Is it Icelander’s crazy mentality, the mentality that sometimes leads to rash decisions? Is it the weather that makes the nation’s people so unique?
Let’s talk about the food in Iceland. It’s a well known fact that Icelanders and Scandinavians have an affinity for liquorice, salty liquorice, sweet liquorice, and liquorice with chocolate. We just love our liquorice...
If the black Magnum was an Icelandic product it’d be the liquorice flavor, not the continental espresso flavor. An espresso flavored ice cream would spelled erroneously “expresso.”
Then there’s our obsession with feeding foreign visitors with food either smoked to death and or bitter-tasting at best. And we dedicate a whole month (mid-January to mid-February) to celebrate the limited food selection of our impoverished forefathers. The irony is that the Þorri buffets—Þorri being the fourth month of winter on the old Norse calendar—are far from cheap.
When we’re not celebrating food with questionably dubious taste we read books. We read and read and gift wrap books for other people to read. The peak season for authors is around Christmas because the holiday season is to authors like the New York Fashion Week is to Vera Wang.
Sure, there are some books that aren’t anything more than mediocre. But it’s surprising how many quality books we produce. Iceland produces more books per capita than any other country. And no, we don’t write them on sheep skin anymore so the writing process is much quicker.
We also have the coolest water. And I mean it’s cool because we drink it straight from the tap and it doesn’t taste like chlorine.
Water can sometimes cause trouble in Iceland. In the spring, glacial rivers occasionally overflow onto roads and grassy fields. Old-fashioned bridges look like an accidental platform in the middle of a raging brown beast.
Speaking of overflowing rivers and the elements, summer never came. But I guess we have next summer. It’s not a given that July will warm and sunny in Iceland.
If anything, last July proved that the summer blues were alive and well. It’s not so different from the winter blues. It’s just a state of constant agitation as expectations must always be low for good weather and high for bad weather. Can anyone blame us for frowning a bit?
But in all seriousness, Iceland is a unique place to visit. I have spent a lifetime wanting to be born somewhere else. Somewhere where the temperatures are warm, so hot in fact that taking a cold shower is preferable to taking a hot one.
These days I don’t mind as much as I used to. Sure it’d be nice to have memories of eternal summers like my husband. Then again, I didn’t grow up with bombs going off in large train stations or the population being segregated.

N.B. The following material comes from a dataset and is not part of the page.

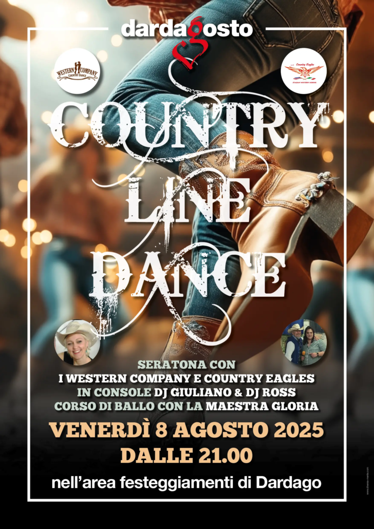 L’8 agosto 2025 vi aspetta una serata indimenticabile alla Sagra del Dardagosto: è tempo di COUNTRY LINE DANCE!

But my little Iceland has changed drastically. So has my husband’s enchanting South Africa. Both countries have the tools to mold a beautiful model for a prosperous and humane future.
I often wonder what the future of Iceland is. One thing that really gets to me, and I’ve mentioned it before, is that dogs are seen by some as -dangerous , too dangerous to let loose. Cats too are considered a plague.
But Iceland is still worth the visit. Just bring a little bit of crazy and get ready for an adventure.
I continue to be amazed by the incredible vibe and drive to be independent and create something. And I only left for a few years.
Do yourself a favor and visit Iceland.
Just don’t expect summer. Even though it is summer...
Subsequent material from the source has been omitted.